TASK: Every entry should come back exactly as written, minus the pictures.

[Start of Attachment]

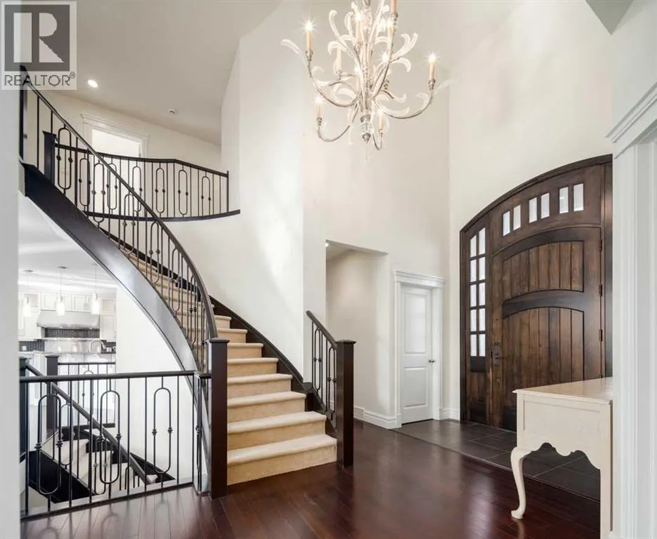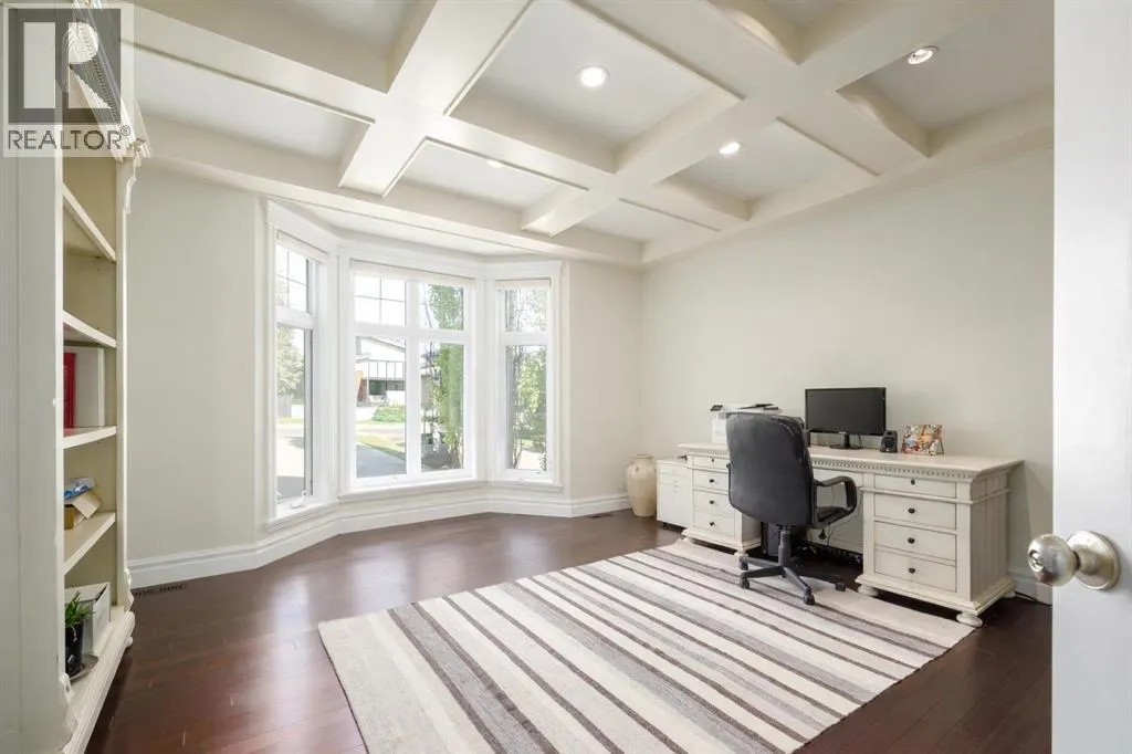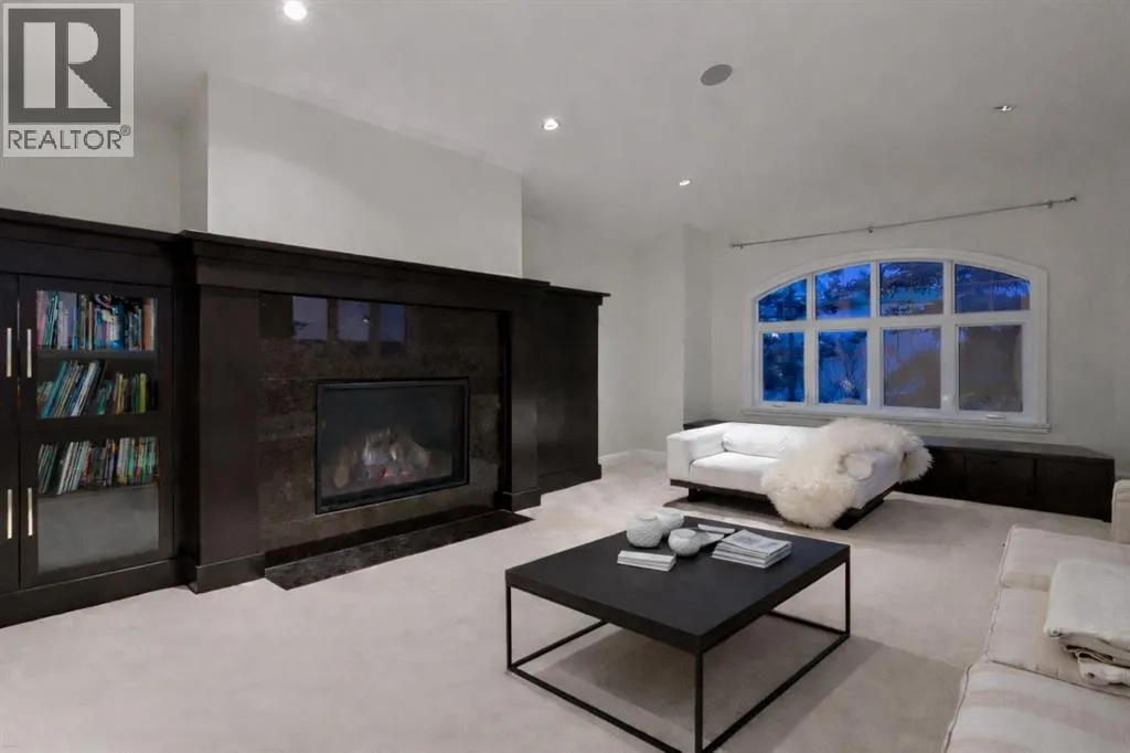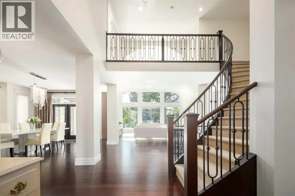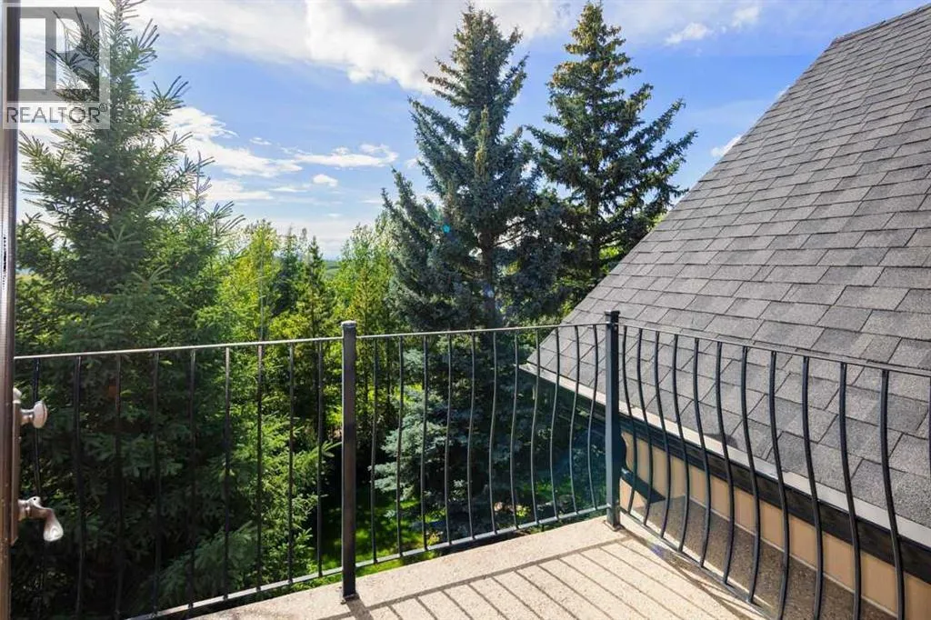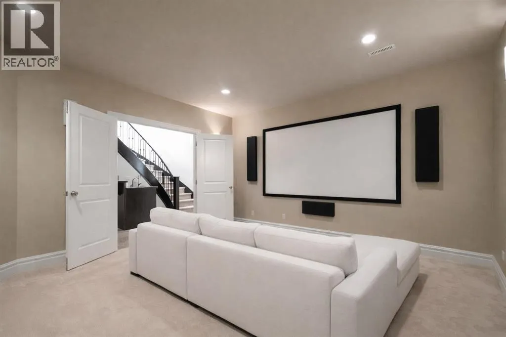 Balanced with natural light, this beautifully crafted family home captures breathtaking West-facing views of the Rocky Mountains, set against a serene, tree-lined backdrop. A timeless custom maple front door creates a warm first impression, complemented by natural stone detailing. Thoughtfully designed with custom-built cabinetry throughout, the home blends elegance with everyday functionality. Inside, a vaulted sitting room immediately draws the eye. Expansive windows frame the views while a sleek floor-to-ceiling fireplace adds contemporary architectural presence. Just off the foyer, a private executive office with French doors and coffered ceilings connects seamlessly to the formal dining room through a double-sided fireplace. The kitchen features Sub-Zero, Wolf, and Miele appliances and flows into a bright breakfast nook that opens onto the west-facing deckâideal for alfresco dining. Overlooking the private, treed backyard, the pergola-covered deck includes stairs leading to the spacious yard below. A generous walk-through pantry connects to a fully equipped mudroom with extensive storage, a sink, and access to the triple garage. The grand curved wood staircase leads upstairs to three spacious bedrooms and a large flex room. The primary suite offers a private terrace with sweeping Rocky views, his & her custom closets, and an expansive ensuite with heated floors, his & her vanities, and a dedicated vanity area. Above the garage, the inviting flex room features its own fireplace and ample space for media & games. Two additional bedrooms share a 5-piece Jack-and-Jill bathroom with a double vanity, ideal for siblings. A well-appointed laundry room with built-in cabinetry, a sink, and hanging space completes the upper level. The fully developed walkout basement features travertine flooring and radiant in-floor heating throughout. A double-sided fireplace connects the interior family room to the covered exterior deck. This level is designed for versatility, offering a theatre room, bright home gym, additional bedroom, and a 4-piece bath with a steam shower. With a wet bar and private backyard access from two points, the lower-level functions beautifully as a retreat for growing or multigenerational families. Ideally located near Calgaryâs top private and public schoolsâincluding Rundle College, Webber Academy, and Ernest Manning High Schoolâthis home also offers quick access to Westside Rec Centre, Aspen Landing Shopping Centre, and Highway 1 for easy escapes to Banff. (id:27476)
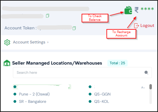 - Click the Wallet icon to check for Balance, invoices, consolidated reports, etc.
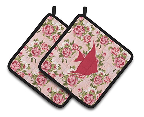 Caroline's Treasures Fish - Angel Fish Shabby Chic Pink Roses Pair of Pot Holders BB1022-RS-PK-PTHD, 7.5HX7.5W, Multicolor
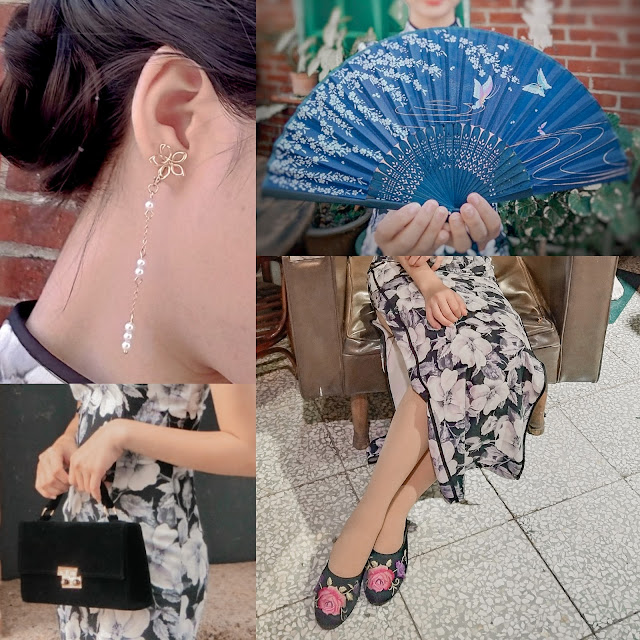 -想要在室內拍照的話店家會免費借用手工繡花鞋,如果要穿出去則要支付$80/雙的租借費用(附贈全新襪套),所以建議大家自行攜帶跟鞋來搭配旗袍
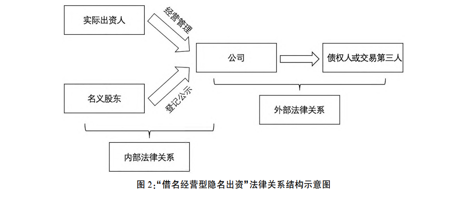 其次,在“借名经营型隐名出资”中,出资义务的履行人与股东权利的实际行使人均系同一人,而将本来“置身事外”的身份关系转化为其与公司之间的直接联系。该类型的法律关系图如图所示:
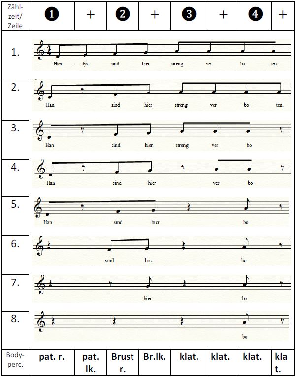 - Bodypercussion: Markiert leise mit der Ferse den Grundschlag. Schlagt jede Zeile der Bodypercussion viermal.

[End of Attachment]

ANSWER TO THE PROBLEM:
 Balanced with natural light, this beautifully crafted family home captures breathtaking West-facing views of the Rocky Mountains, set against a serene, tree-lined backdrop. A timeless custom maple front door creates a warm first impression, complemented by natural stone detailing. Thoughtfully designed with custom-built cabinetry throughout, the home blends elegance with everyday functionality. Inside, a vaulted sitting room immediately draws the eye. Expansive windows frame the views while a sleek floor-to-ceiling fireplace adds contemporary architectural presence. Just off the foyer, a private executive office with French doors and coffered ceilings connects seamlessly to the formal dining room through a double-sided fireplace. The kitchen features Sub-Zero, Wolf, and Miele appliances and flows into a bright breakfast nook that opens onto the west-facing deckâideal for alfresco dining. Overlooking the private, treed backyard, the pergola-covered deck includes stairs leading to the spacious yard below. A generous walk-through pantry connects to a fully equipped mudroom with extensive storage, a sink, and access to the triple garage. The grand curved wood staircase leads upstairs to three spacious bedrooms and a large flex room. The primary suite offers a private terrace with sweeping Rocky views, his & her custom closets, and an expansive ensuite with heated floors, his & her vanities, and a dedicated vanity area. Above the garage, the inviting flex room features its own fireplace and ample space for media & games. Two additional bedrooms share a 5-piece Jack-and-Jill bathroom with a double vanity, ideal for siblings. A well-appointed laundry room with built-in cabinetry, a sink, and hanging space completes the upper level. The fully developed walkout basement features travertine flooring and radiant in-floor heating throughout. A double-sided fireplace connects the interior family room to the covered exterior deck. This level is designed for versatility, offering a theatre room, bright home gym, additional bedroom, and a 4-piece bath with a steam shower. With a wet bar and private backyard access from two points, the lower-level functions beautifully as a retreat for growing or multigenerational families. Ideally located near Calgaryâs top private and public schoolsâincluding Rundle College, Webber Academy, and Ernest Manning High Schoolâthis home also offers quick access to Westside Rec Centre, Aspen Landing Shopping Centre, and Highway 1 for easy escapes to Banff. (id:27476)
 - Click the Wallet icon to check for Balance, invoices, consolidated reports, etc.
 Caroline's Treasures Fish - Angel Fish Shabby Chic Pink Roses Pair of Pot Holders BB1022-RS-PK-PTHD, 7.5HX7.5W, Multicolor
 -想要在室內拍照的話店家會免費借用手工繡花鞋,如果要穿出去則要支付$80/雙的租借費用(附贈全新襪套),所以建議大家自行攜帶跟鞋來搭配旗袍
 其次,在“借名经营型隐名出资”中,出资义务的履行人与股东权利的实际行使人均系同一人,而将本来“置身事外”的身份关系转化为其与公司之间的直接联系。该类型的法律关系图如图所示:
 - Bodypercussion: Markiert leise mit der Ferse den Grundschlag. Schlagt jede Zeile der Bodypercussion viermal.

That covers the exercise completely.